Required work. Set down the data again word for word. Skip any pictures.

Data excerpt.
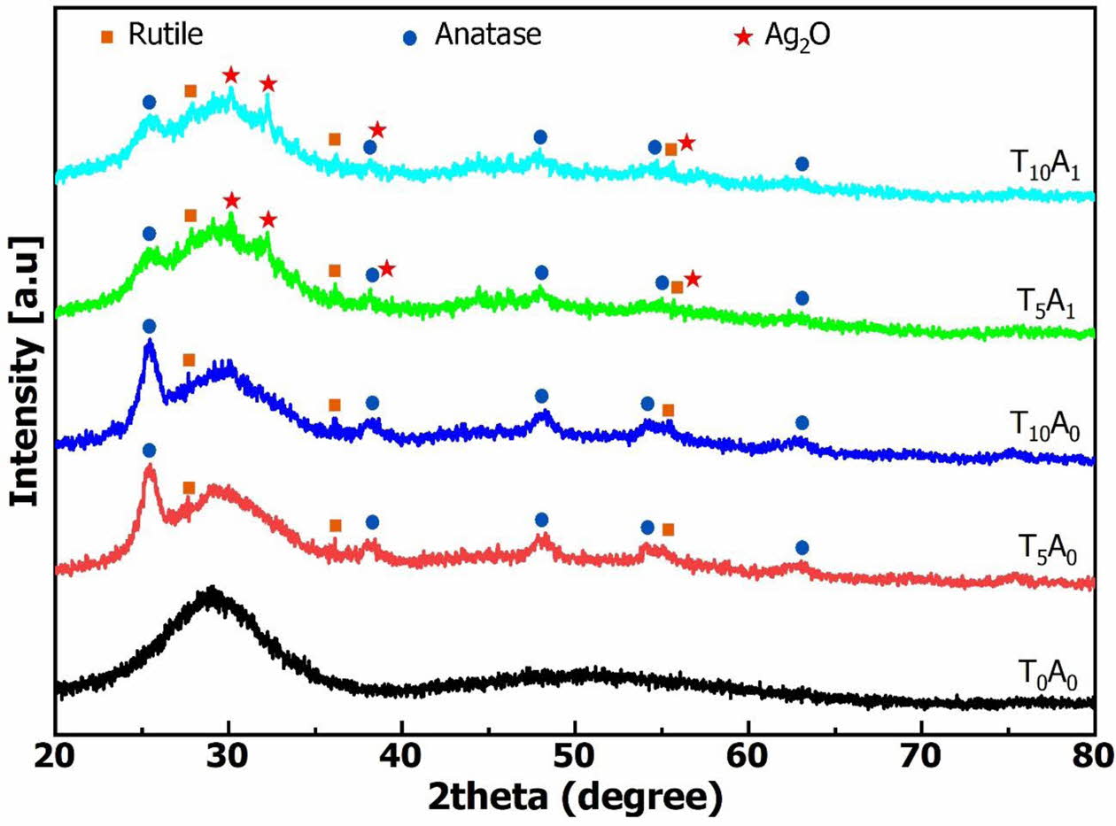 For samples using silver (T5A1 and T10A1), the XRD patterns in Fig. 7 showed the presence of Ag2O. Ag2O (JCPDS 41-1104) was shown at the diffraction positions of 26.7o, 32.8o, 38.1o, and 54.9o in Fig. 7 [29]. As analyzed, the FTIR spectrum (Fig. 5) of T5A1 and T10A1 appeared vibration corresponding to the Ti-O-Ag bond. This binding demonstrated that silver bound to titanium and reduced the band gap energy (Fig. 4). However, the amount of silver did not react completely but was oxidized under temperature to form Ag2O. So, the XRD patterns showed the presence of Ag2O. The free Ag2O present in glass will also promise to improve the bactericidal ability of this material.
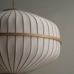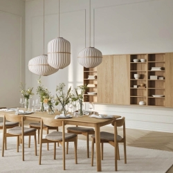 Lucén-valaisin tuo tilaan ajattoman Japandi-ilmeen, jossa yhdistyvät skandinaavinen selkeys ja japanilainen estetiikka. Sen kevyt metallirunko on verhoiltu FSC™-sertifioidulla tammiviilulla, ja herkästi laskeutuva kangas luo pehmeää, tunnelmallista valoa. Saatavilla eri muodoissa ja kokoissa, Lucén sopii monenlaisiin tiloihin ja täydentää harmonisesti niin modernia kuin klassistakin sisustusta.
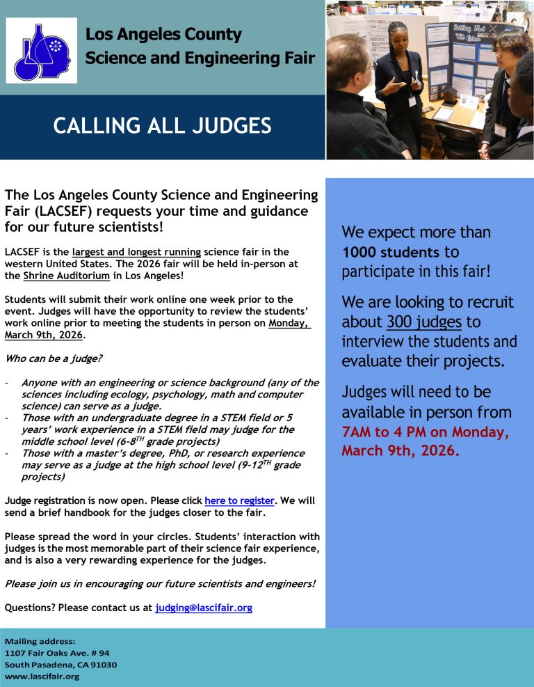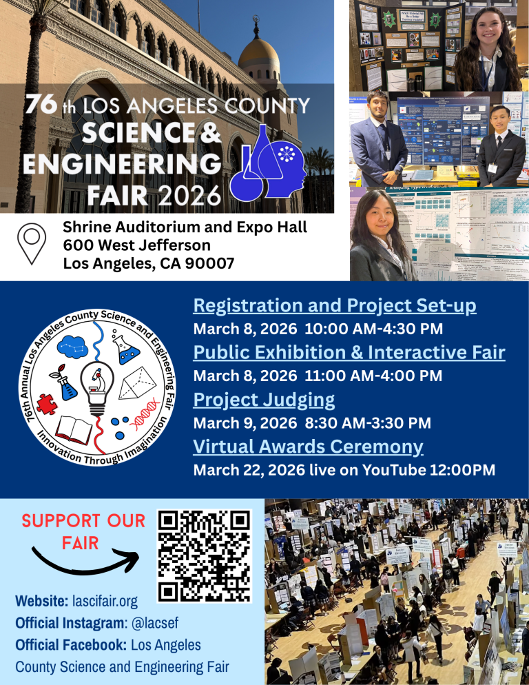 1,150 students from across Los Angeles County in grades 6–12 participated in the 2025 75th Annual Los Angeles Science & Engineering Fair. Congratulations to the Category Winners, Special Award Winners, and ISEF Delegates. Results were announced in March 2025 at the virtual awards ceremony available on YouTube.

Task response.
 For samples using silver (T5A1 and T10A1), the XRD patterns in Fig. 7 showed the presence of Ag2O. Ag2O (JCPDS 41-1104) was shown at the diffraction positions of 26.7o, 32.8o, 38.1o, and 54.9o in Fig. 7 [29]. As analyzed, the FTIR spectrum (Fig. 5) of T5A1 and T10A1 appeared vibration corresponding to the Ti-O-Ag bond. This binding demonstrated that silver bound to titanium and reduced the band gap energy (Fig. 4). However, the amount of silver did not react completely but was oxidized under temperature to form Ag2O. So, the XRD patterns showed the presence of Ag2O. The free Ag2O present in glass will also promise to improve the bactericidal ability of this material.
 Lucén-valaisin tuo tilaan ajattoman Japandi-ilmeen, jossa yhdistyvät skandinaavinen selkeys ja japanilainen estetiikka. Sen kevyt metallirunko on verhoiltu FSC™-sertifioidulla tammiviilulla, ja herkästi laskeutuva kangas luo pehmeää, tunnelmallista valoa. Saatavilla eri muodoissa ja kokoissa, Lucén sopii monenlaisiin tiloihin ja täydentää harmonisesti niin modernia kuin klassistakin sisustusta.
 1,150 students from across Los Angeles County in grades 6–12 participated in the 2025 75th Annual Los Angeles Science & Engineering Fair. Congratulations to the Category Winners, Special Award Winners, and ISEF Delegates. Results were announced in March 2025 at the virtual awards ceremony available on YouTube.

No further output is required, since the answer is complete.